Festival kebudayaan tradisional merupakan salah satu upaya yang dapat dilakukan dalam rangka melestarikan kebudayaan bangsa. Hal itulah yang akan menjadi kegiatan rutin yang dilakukan pemerintah Indonesia. Khususnya tahun ini, Pekan Kebudayaan Nasional diadakan secara virtual. Diumumkan secara resmi di situs resmi kemendikbud, acara ini diselengarakan tanggal 31 Oktober-30 November 2020, sebelumnya diadakan perdana tahun lalu.
Pelestarian kebudayaan tradisional sudah harus menjadi perhatian bersama. Di tengah arus globalisasi yang sangat menghanyutkan, ada baikya untuk tetap merangkul dan melestarikan kebudayaan tradisional. Jika tidak arus deras yang saat ini dirasakan akan membawa bahaya dan akan menghanyutkan budaya lokal yang tak dapat dirasakan ataupun dinikmati di masa depan.
Seberapa bahaya sebenarnya pengar dari globalisasi ?
Globalisasi sudah banyak merubah tatanan kehidupan manusia. Manusia yang tadinya terkenal dengan kesosialannya sebagai makhluk sosial bergeser menjadi semi individualis, tergantung wilayah tempat tinggalnya. Di kota-kota besar dengan pertumbuhan ekonominya sangat tinggi, akan jelas terlihat kecenderungan ini. Yang semula ini adalah gaya hidup masyarakat Eropa atau Amerika, mulai menjalar ke ranah Asia yang sebenarnya sangat erat dengan suasana kekeluargaannya.
Percampuran budaya dan interaksi yang semakin luas antar induvidu yang semakin mudah pula dijangkau, merupakan satu dari banyak hal yang ditawarkan globalisasi. Tanpa melupakan banyaknya manfaat yang ditawarkan globalisasi, namun sebagai bagian dari masyarakat yang akan terus tumbuh dan berkembang, ada baiknya kita membahas dampak negatif dari globalisasi.
Khususnya bagi negara-negara dengan masyarakat yang  tak dapat bertahan dari arus deras globalisasi, percampuran yang ekstrim bahkan lebih ke arah tergusurnya budaya asli yang ada. Tentunya menjadi korban kekalahan sangat tidak menyenangkan, namun segala sesuatu tak ada yang terlambat.
Sebagai contoh di Indonesia. Saat ini konten yang lebih diminati adalah hal-hal yang berbau asing. Mulai dari makanan, perfilman, tarian, bahasa, tayangan televisi, dan beberapa bidang lain sudah jarang terlihat budaya Indonesia. Walaupun itu hanya di perkotaan sedangkan mungkin di wilayah pedesaan dan pesisir masih cukup kental dengan kearifan lokalnya.

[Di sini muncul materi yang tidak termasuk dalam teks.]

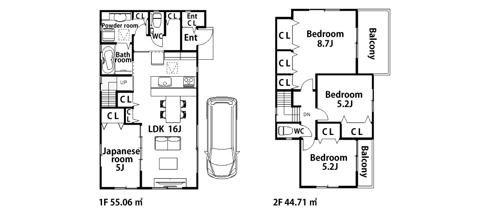| 間取詳細 | LDK16帖・和5帖・洋5.2帖・洋5.2帖・洋8.7帖 |
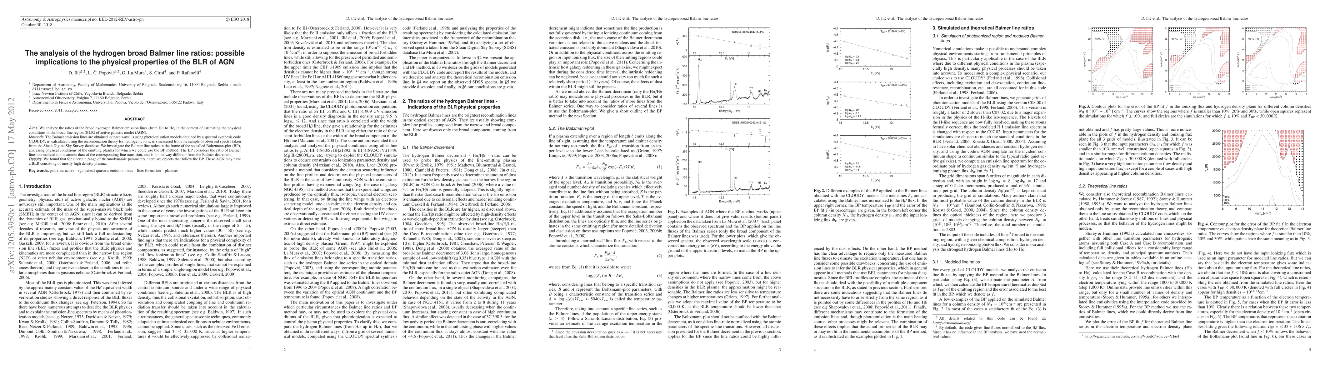 This paper analyzes broad hydrogen Balmer line ratios to estimate physical conditions in the broad line region (BLR) of active galactic nuclei (AGN). The study uses photoionization models, recombination theory, and observed spectra to investigate the Balmer line ratios via the Boltzmann-plot method, suggesting that some AGN may have a BLR dominated by high-density plasma.

Tapi jika melihat apa yang sehari-hari terlintas, rasanya tak mengenakan hati. Jika terpikir mungkin saat ini budaya Indonesia sendiri masih cukup eksis karena masih ada satu atau dua generasi di atas generasi melenial saat ini. Pertanyaannya, apakah generasi milenial nantinya akan mengerti dan tau apa yang akan diajarkan tentang kekayaan yang dimiliki Indonesia ?
Di hari depan mungkin saja Indonesia secara fisik tak akan hilang, namun jika kita terlena, identitas dan kepribadian Indonesia itu sendiri bisa tak akan terlihat dan dikenal lagi.
Sebagai refleksi, mungkin hanya batik yang masih eksis di setiap kalangan masyarakat. Walaupun untuk acara resmi masyarakat sudah mengenal setelan jas dan gaun, tapi setelan batik dan kebaya juga masih bisa bersaing.
Bergeser sedikit ke makanan, di kota-kota besar dapat dilihat masakan tradisional sudah kalah saing dengan masakan asing. Walaupun masih populer untuk menjadi masakan rumahan dan warung makan sederhana, tapi lihat saja begitu banyaknya restoran yang menawarkan menu bahkan tema masakan asing.